What happened

Shareholders of Expedia Group (EXPE -0.47%) managed positive returns through a volatile market last year. The stock gained 22% in 2020 compared to a 16% rise in the S&P 500, according to data provided by S&P Global Market Intelligence.

Shares of the travel booking giant had been down by over 50% at one point in the year, but they recovered all of that lost ground as investors began looking past the COVID-19 pandemic.

A couple on vacation.

Image source: Getty Images.

So what

Expedia shares were among the hardest hit during the sell-off that struck Wall Street in March. The company's focus on the travel industry exposed it to a potentially massive revenue slump through the pandemic. In fact, sales did fall by over 80% as travel and vacation volumes plummeted. It was forced to take on more debt as cash flow turned sharply negative.
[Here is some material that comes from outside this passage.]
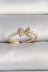 Skygo Pirinç Gold Renk Zirkon Taşlı Fiyonk İnci Detay Ayarlanabilir Yüzük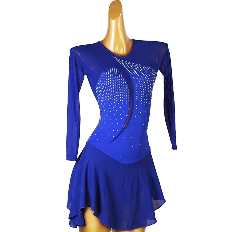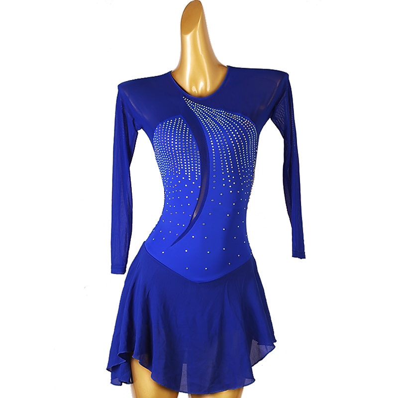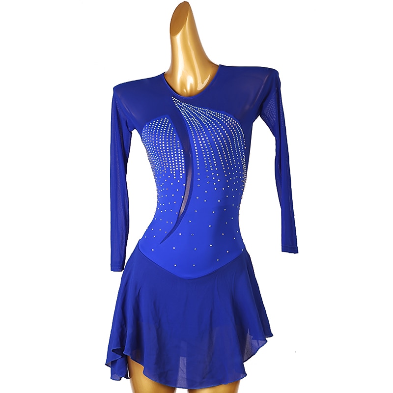 Figure Skating Dress Women's Girls' Ice Skating Dress Black Royal Blue Patchwork Open Back Mesh High Elasticity Training Competition Skating Wear Classic Long Sleeve Ice Skating Figure Skating 10

Operating trends have steadily improved since April, though, and Expedia in early November reported encouraging rebounds in hotel and travel bookings. Sales declines landed at 58% in the fiscal third quarter compared to an 82% drop in the previous quarter.

Now what

Investors predicting a quick rebound should approach the stock with plenty of caution. Air travel and vacation trends likely won't fully recover until the COVID-19 threat has passed. Thus, while Expedia might show improving sales and profit trends over the next few quarters, it might be a year or longer before it begins setting new operating records.

Still, some investors might prefer owning this tech specialist, or peers like TripAdvisor, over airline stocks, which are burdened with much higher fixed costs.